Question 4: What are the five most frequent no-stopword terms in short-files? (Hint: use the unix sort command on short-kw-inv.d.) 

Viewing and Analyzing the Zipfian distribution

We now want to convert these inverted files into a form that can be viewed according to its Zipfian distribution. We are going to view the results using an information visualization program. 
Recall that the Zipfian distribution is an effect seen when the data is ordered by its rank. First we have to see how often each term occurs. The term that occurs most frequently is assigned rank 1. The term that occurs second most frequently is assigned rank 2, etc. Thus if frog occurs 100 times, and this is the most frequent word, it is assigned rank 1. If toad occurs 96 times, and this is second most frequent, it is assigned rank 2. Say three terms remain, and they all occur 2 times each. They are tied, but we deal with ties arbitrarily, assigning them increasing ranks, 3, 4, and 5. 

Rather than writing a program, we can convert this file using a pipeline of unix commands. It took me a little while to figure out how to make this work, so I am giving the sequence of commands to you here for converting short-kw-inv.d: 

cat short-kw-inv.d | cut -f 1,3 | sort -k 2,2 -nr | \
awk '{s += 1; print s, "\t", $2, "\t", $1}' > short-zipf.txt
We are going to use short-zipf.txt as input to the visualization program, and it requires tab-separated input. 
Question 5: Describe what each stage of the pipeline does. Hint: you can produce intermediate temporary results to see what each step does, e.g., 

cat short-kw-inv.d | cut -f 3 > out

and then look at the contents of "out". 

Run the same command on long-kw-inv.d but put the results on long-zipf.txt.

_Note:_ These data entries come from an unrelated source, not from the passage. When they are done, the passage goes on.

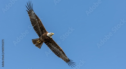 Obraz premium A majestic eagle soars in a clear blue sky, representing freedom, power, vision, and high aspirations.
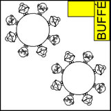 Möblerat med 2st bänkset och ett 180cm bord till buffé |
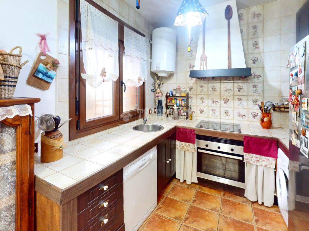 La cocina, integrada pero bien diferenciada, dispone de mobiliario funcional, gran capacidad de almacenaje y espacio cómodo de trabajo, ideal para el día a día.
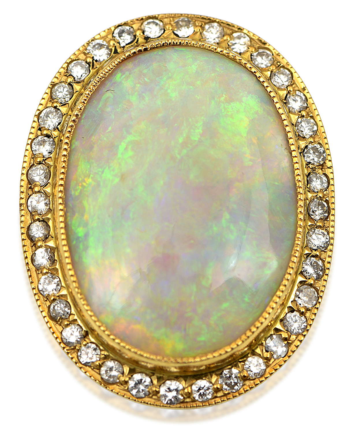 Ring presents in very good condition. Opal measures 22.46mm x 16.61mm x 4.82mm estimated total weight 9.81cts. Hallmark London, Sponsor 'KC' Scribing '1/10 90'. Diamonds assessed mounted as colour H/I, clarity VS. Gross weight: 12.8gms
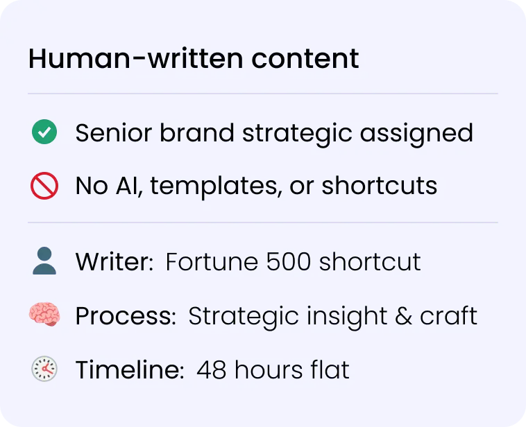 AI can’t capture what makes your brand unique. Our human content creators spent years learning brand strategy and have worked with the world’s biggest companies. The difference shows in the quality.
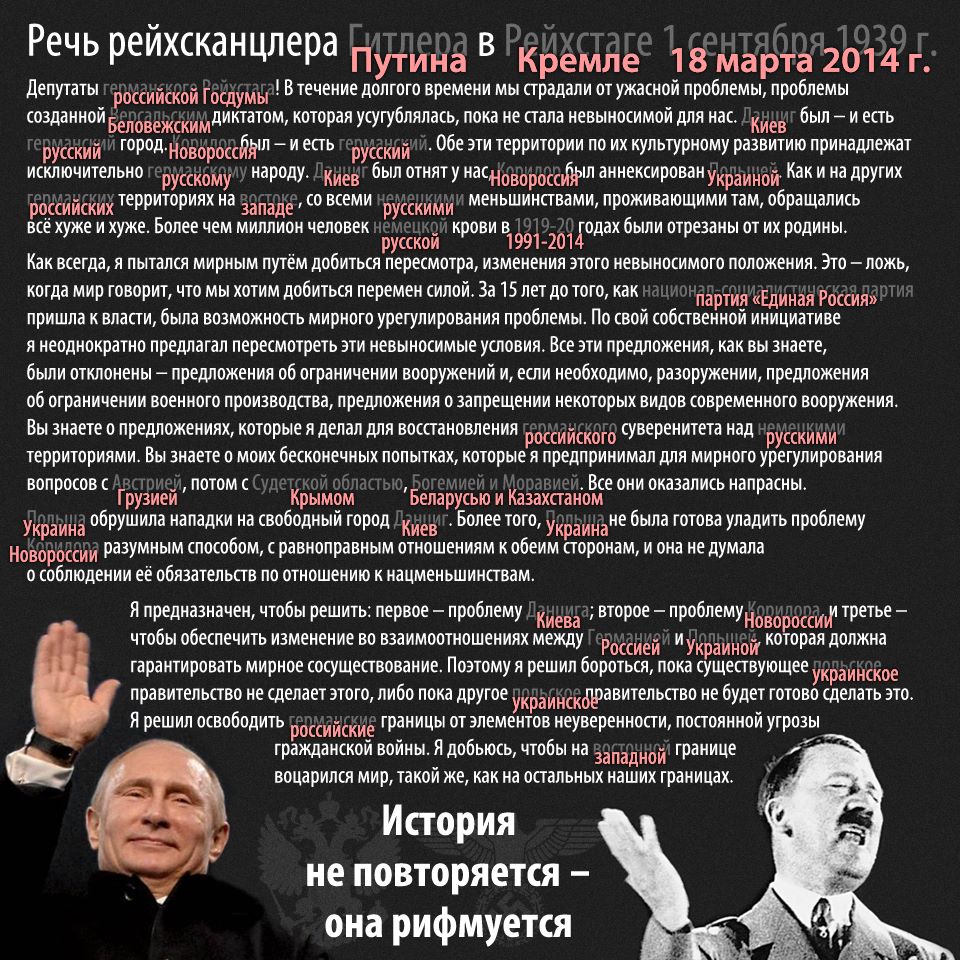 | + | Специально для тех, кто считает сравнение Путина с Гитлером необоснованным. |
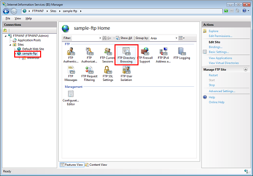 Select the FTP site, and then double-click [FTP Directory Browsing].

Do the same for short-kw-nostop-inv.d putting the results in short-nostop-zipf.txt. 

Now run the visualization program. You have to use the SIMS machines for this as this is the only place it resides. The program is located at: 

Start\Research & Analysis\Data Visualization\Spotfire Pro

Load in your data file short-zipf.txt using the File\Open menu choice (you have to tell it to take a file ending in .txt). The system should just load things properly. It shows the data as a scatter plot of rank against frequency. 

Question 6: Using the visualization to answer this question: How many terms occur 10 times in short-zipf.txt? Which terms occur 15 times? 

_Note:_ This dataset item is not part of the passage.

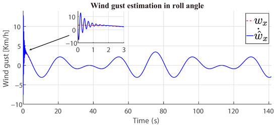 The Equation (44) is negative definite (see Figure 3). It is possible to achieve definite global stability with the adaptive control law (43) for the system (14) and (15), which defines the roll angle in the coaxial-rotor MAV. Finally, the adaptation gain is defined by , and it bounded; Figure 4 presents the convergence of the wind gust estimation ().
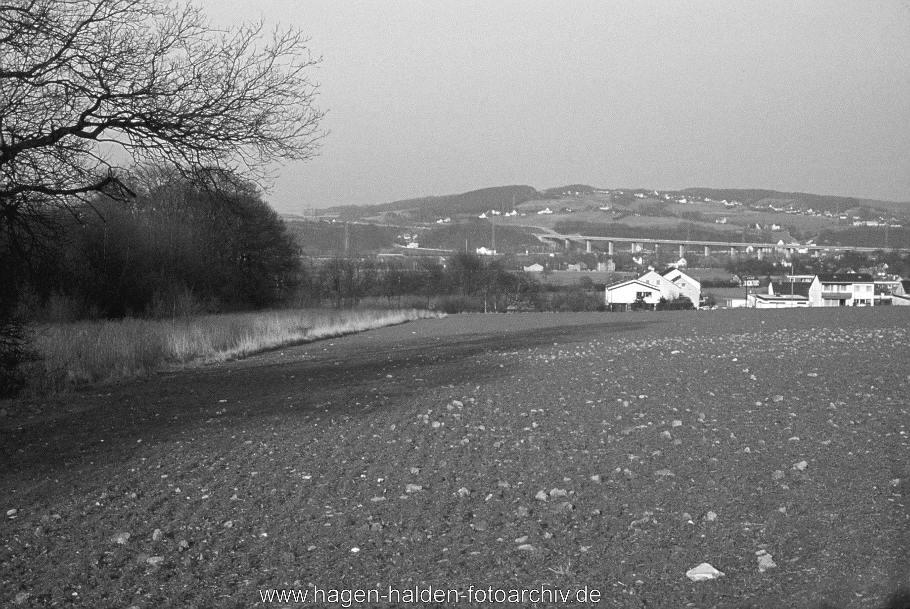 Blick von der Straße "Großer Kamp" Richtung Norden - die Häuser am Ende des Feldes stehen in der Odenwaldstraße (1975) >dasselbe Foto in Farbe<

Question 7: Use the tabs on the X-axis and Y-axis to change the input the scatter plot. Set Y to Column 1 and X to Column 2. Does this change the shape of the curve very much? Now Change Y back to Column 2 and set X to Column 3. Does alphabetical order of terms correlate to word frequency? 

Question 8: Now load in the data for short-nostop-zipf.txt. How is this different or similar to the graph for short-zipf.txt. Why? 

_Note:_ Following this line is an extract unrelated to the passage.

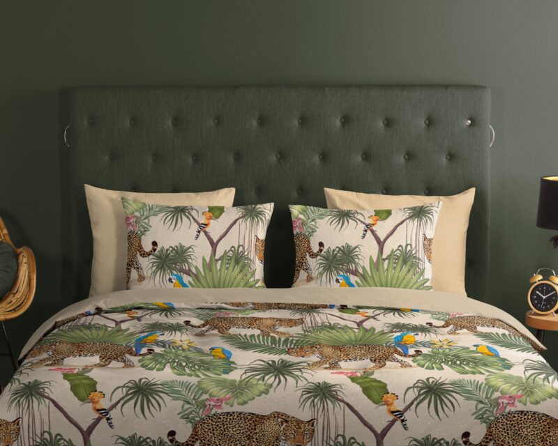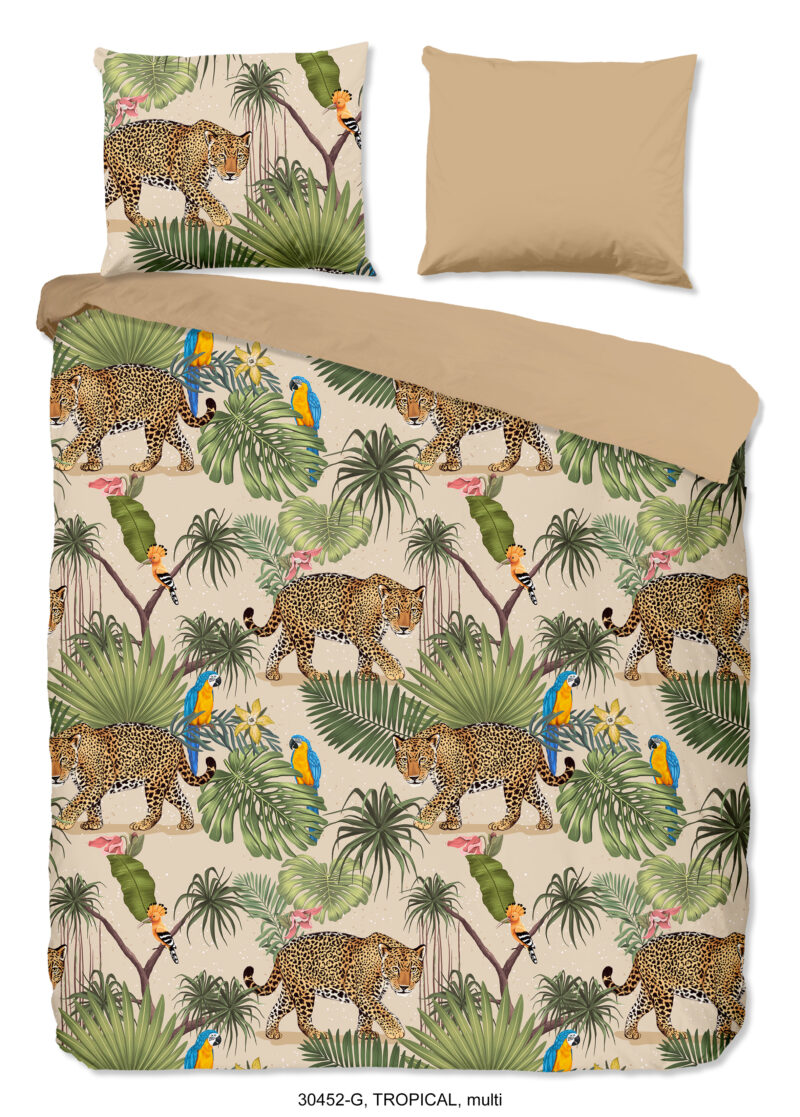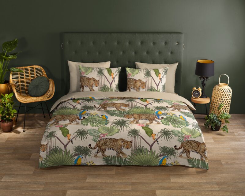 Dekbedovertrek “Tropical” van Good Morning met luipaard met bladeren, in de kleur “Zand” is gemaakt van 100% katoen. Deze kwaliteit is ademend, vochtabsorberend en voelt zacht en soepel aan. Dit mooie dekbedovertrek fleurt iedere slaapkamer op en is geschikt voor ieder jaargetijde. Het katoenen dekbedovertrek is heerlijk koel in de zomer en geeft warmte in de winter.

Now load in the data for long-zipf.txt. 

Question 9: Play around with the sliders to see different subsets of the data. Note that these are special sliders that let you focus on a subset of the data. Moving both arrows close together on an axis greatly reduces the number of data points you see. Adjust the sliders so you can answer this: about how many terms have frequencies between 480 and 500? 

Question 10: (This is the important question.) Compare the fully-expanded initial view of long-zipf with the fully-expanded initial view of short-zipf. Discuss the similarities/differences. Why does this occur? 

Question 11: (This is the other important question.) Think about tf*idf term weighting. Discuss how these graphs show why we divide the frequency with which a term occurs in an individual document (tf) by the number of documents it occurs in (df). Why is this a good strategy for ranking documents? 

Question 12:: Turn in screenshots of the visualization showing short-zipf and long-zipf separate images are fine).

Please submit a hard copy of your assignment in class. Please clearly separate your answers from the questions and from each other to facilitate grading. Also, keep an electronic copy of your assignment in case we ask you to submit it to be posted as an example of a good answer!